▶ Available data:
....

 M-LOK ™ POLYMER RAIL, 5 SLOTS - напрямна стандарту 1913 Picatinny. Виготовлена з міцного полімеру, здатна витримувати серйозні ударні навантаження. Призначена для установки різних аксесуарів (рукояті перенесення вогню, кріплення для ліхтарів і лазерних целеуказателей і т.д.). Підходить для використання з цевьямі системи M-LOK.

....

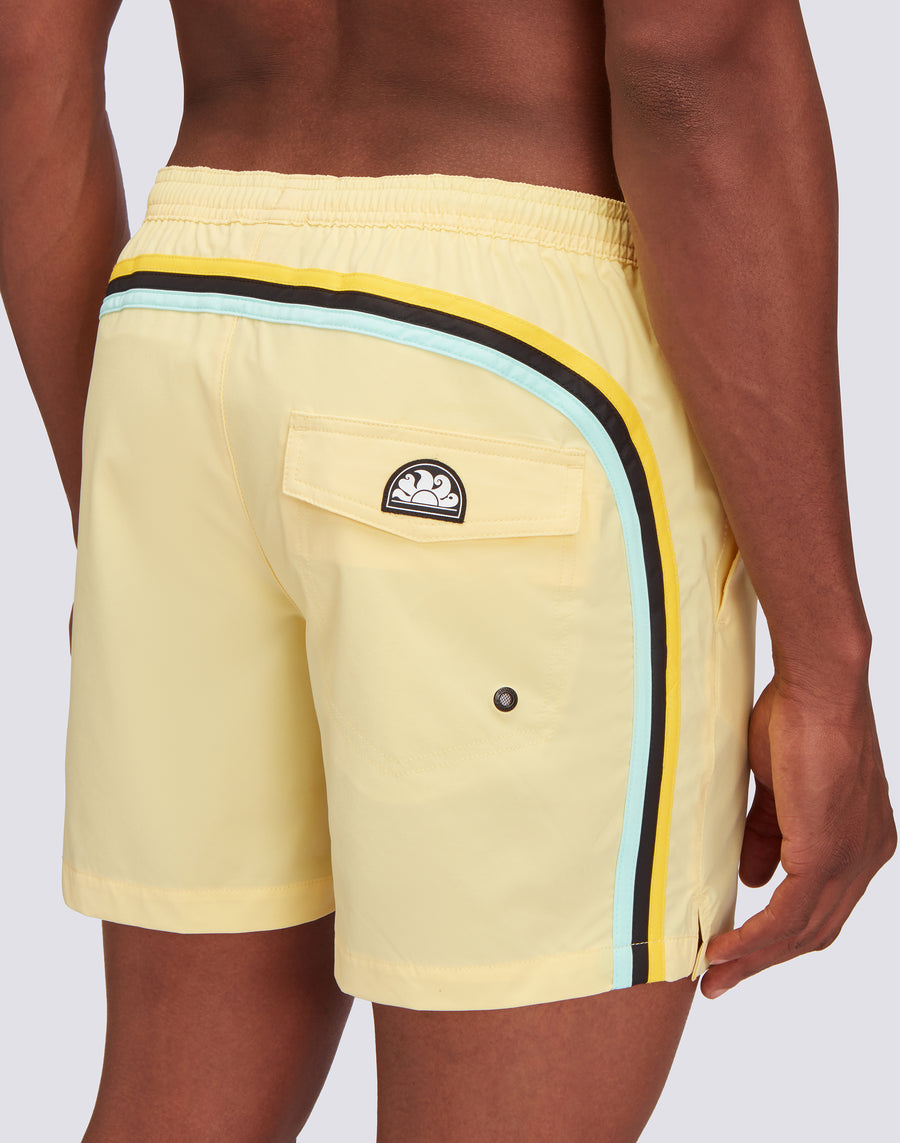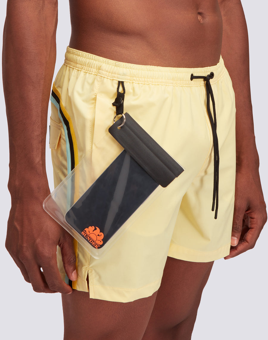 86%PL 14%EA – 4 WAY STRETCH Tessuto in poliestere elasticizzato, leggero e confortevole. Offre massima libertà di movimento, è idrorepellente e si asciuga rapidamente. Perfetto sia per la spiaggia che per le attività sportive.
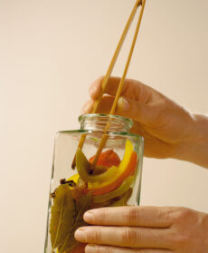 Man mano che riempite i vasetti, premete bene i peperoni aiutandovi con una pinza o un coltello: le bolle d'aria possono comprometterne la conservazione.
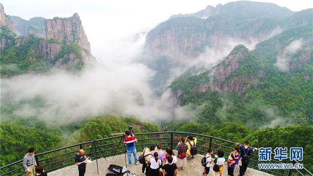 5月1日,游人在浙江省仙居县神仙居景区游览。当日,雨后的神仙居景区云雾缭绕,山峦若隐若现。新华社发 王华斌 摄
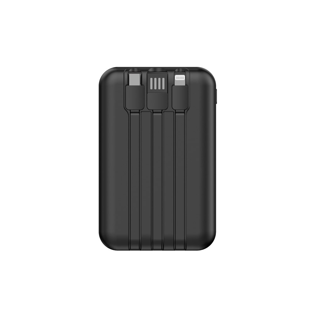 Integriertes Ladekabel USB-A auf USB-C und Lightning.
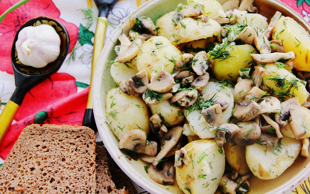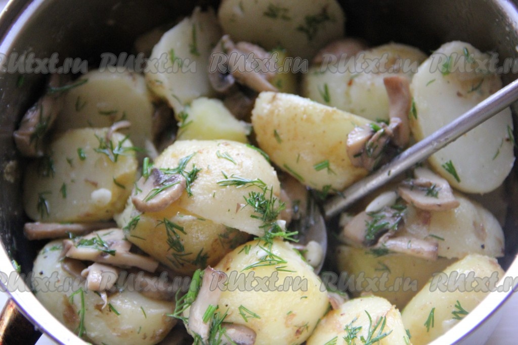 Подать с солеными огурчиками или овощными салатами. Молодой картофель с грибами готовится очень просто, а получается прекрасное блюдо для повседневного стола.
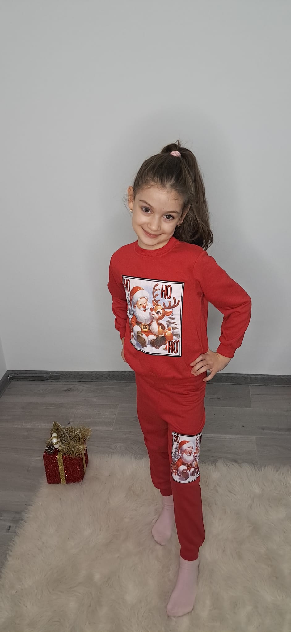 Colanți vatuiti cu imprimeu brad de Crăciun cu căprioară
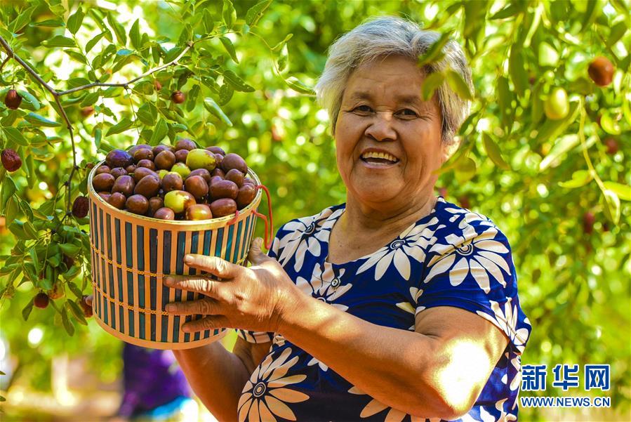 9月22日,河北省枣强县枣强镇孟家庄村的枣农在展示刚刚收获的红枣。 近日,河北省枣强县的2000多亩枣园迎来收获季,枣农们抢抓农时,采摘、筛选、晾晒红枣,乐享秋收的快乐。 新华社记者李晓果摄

....

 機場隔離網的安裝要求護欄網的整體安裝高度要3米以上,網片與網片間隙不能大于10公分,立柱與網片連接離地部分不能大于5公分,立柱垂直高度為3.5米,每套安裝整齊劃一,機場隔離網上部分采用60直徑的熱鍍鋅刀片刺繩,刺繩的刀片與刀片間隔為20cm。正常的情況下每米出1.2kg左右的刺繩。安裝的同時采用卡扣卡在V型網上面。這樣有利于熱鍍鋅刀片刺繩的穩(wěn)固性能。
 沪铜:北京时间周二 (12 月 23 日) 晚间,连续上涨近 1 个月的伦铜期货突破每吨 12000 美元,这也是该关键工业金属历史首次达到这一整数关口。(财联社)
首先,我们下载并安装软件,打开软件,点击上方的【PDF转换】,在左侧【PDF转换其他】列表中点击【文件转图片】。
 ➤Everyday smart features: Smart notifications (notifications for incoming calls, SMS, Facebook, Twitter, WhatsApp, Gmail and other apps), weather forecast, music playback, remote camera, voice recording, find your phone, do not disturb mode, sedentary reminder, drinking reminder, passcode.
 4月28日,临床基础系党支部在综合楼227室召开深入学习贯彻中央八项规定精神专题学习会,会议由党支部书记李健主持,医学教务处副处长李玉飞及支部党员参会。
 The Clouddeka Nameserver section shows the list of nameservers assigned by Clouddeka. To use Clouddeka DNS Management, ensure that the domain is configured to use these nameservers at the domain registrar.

....

▶ Exercise objective: After locating the line with "首先,我们下载并安装软件,打" in the material above, return it and each line after it exactly, ending at the line with "The Clouddeka Nameserver".

▶ Response to this task:
首先,我们下载并安装软件,打开软件,点击上方的【PDF转换】,在左侧【PDF转换其他】列表中点击【文件转图片】。
 ➤Everyday smart features: Smart notifications (notifications for incoming calls, SMS, Facebook, Twitter, WhatsApp, Gmail and other apps), weather forecast, music playback, remote camera, voice recording, find your phone, do not disturb mode, sedentary reminder, drinking reminder, passcode.
 4月28日,临床基础系党支部在综合楼227室召开深入学习贯彻中央八项规定精神专题学习会,会议由党支部书记李健主持,医学教务处副处长李玉飞及支部党员参会。
 The Clouddeka Nameserver section shows the list of nameservers assigned by Clouddeka. To use Clouddeka DNS Management, ensure that the domain is configured to use these nameservers at the domain registrar.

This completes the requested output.